Private Company To Exit Operation Of Silverdale Jail After 36 Years; Hammond Says Facility Needs Hundreds Of Thousands Of Dollars In Repairs

  • Wednesday, July 8, 2020
Sheriff Jim Hammond at Silverdale
Sheriff Jim Hammond at Silverdale
photo by Joseph Dycus

A private company that has been operating the jail facility at Silverdale for 36 years has given notice that it will no longer do so.

County Mayor Jim Coppinger said he has been notified by CoreCivic that it is exercising its option to get out of its contract with 180 day notice.

He said the private firm that formerly was known as the Corrections Corporation of America (CCA) is exiting Silverdale effective Dec. 30.

Operation of Silverdale will then revert to the sheriff, who already operates the County Jail downtown.

County Mayor Coppinger said it was "an amenable split."

He noted that the county was in a review itself of whether to continue the contract or let the sheriff take it off.

County officials have been moving toward eventually closing the jail on Walnut Street. It has been cited with a number of deficiencies. The plan has been to add more capacity at Silverdale.

The county mayor said CoreCivic owns most of the facilities it operates - except for one other in Florida. He said the company offered to buy Silverdale several years ago, but the county declined.

He said, "I think they continued to operate it as long as they did because this was their first facility in 1984."

County Mayor Coppinger said CoreCivic, with competition from Volkswagen, Amazon and other firms, had been having increasing problems with hiring staff.

He said CoreCivic said it made the decision to leave the facility "after much deliberation."

The county mayor said the company indicated it is willing to stay on beyond Dec. 30 to help out if the county is not ready to take over by the end of the year. He said the county does not expect to have to ask for that extension. 

Sheriff Jim Hammond, later on Wednesday, described the long relationship between county and company as a mostly amicable one.

“They did a great job for a number of years, and I won’t say at what point that may have begun to shift a little bit, because I’m not going to throw them under the bus,” said Sheriff Hammond. “But under the life of the contract here, 99 percent of that contract has seen an excellent relationship.”

“I’ve been around most of those years, although I wasn’t here when the original contract (was agreed upon). It was a different time, a different political atmosphere, different parties in control, and a different philosophy about privatization.”

 The sheriff said one of the reasons CoreCivic gave for ending the contract was safety concerns. He listed a few of them, and said that who should pay for what to be repaired is a point of contention between the two parties.

“I couldn’t give you a dollar amount, but it probably runs in the hundreds of thousands of dollars, because this facility is aging out just like the jail,” said Sheriff Hammond. “There are problems with locks in the doors, deterioration in some of the steel, food service needs updating.”

“There are safety concerns, but it’s not so much because of any individual things. There’s going to be arguments over who should be paying for it. Make no mistake, the county owns the facility, but contracts have specific items that we may have a little disagreement over who should be fixing what.”

The sheriff said that CoreCivic plans to be out of Silverdale in mid to late-December. He said the company promised they would work with the county on a transition. The county currently spends about $18 million on their contract with CoreCivic.

Sheriff Hammond seemed confident in the county’s ability to convert some of the CoreCivic staff into county employees. He cited higher pay as the main reason for this.
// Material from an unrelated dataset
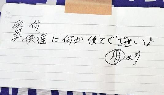 封筒が届いたのは阪神のセ・リーグ優勝から5日後の19日夕。郵便ポストに差出人が分からない封筒が入っていた。裏には「西成区」とだけ書かれ、中には現金50万円と手書きのメモがあり、「寄付 子供達に何か使(っ)てください」というメッセージに丸で囲んだ阪神のロゴが添えられていた。

“That would certainly be a carrot to get the employees out here who want to get with us,” said the sheriff. “We’d have to look at things such as do they have to pass the same background checks as county employees. I can tell you that benefits of county pay are better, so I’m optimistic we will get a number of at last the rank and file who want to transition.”


“I think it’s going to be problematic, because you have a lot of slots to fill and we’re already short by 30 positions downtown. That being said, the plan I’m working on may be a way around it, so I’m optimistic that we can look at the numbers, work with the transition team, and meet with the mayor and I’ll be prepared to talk about that.”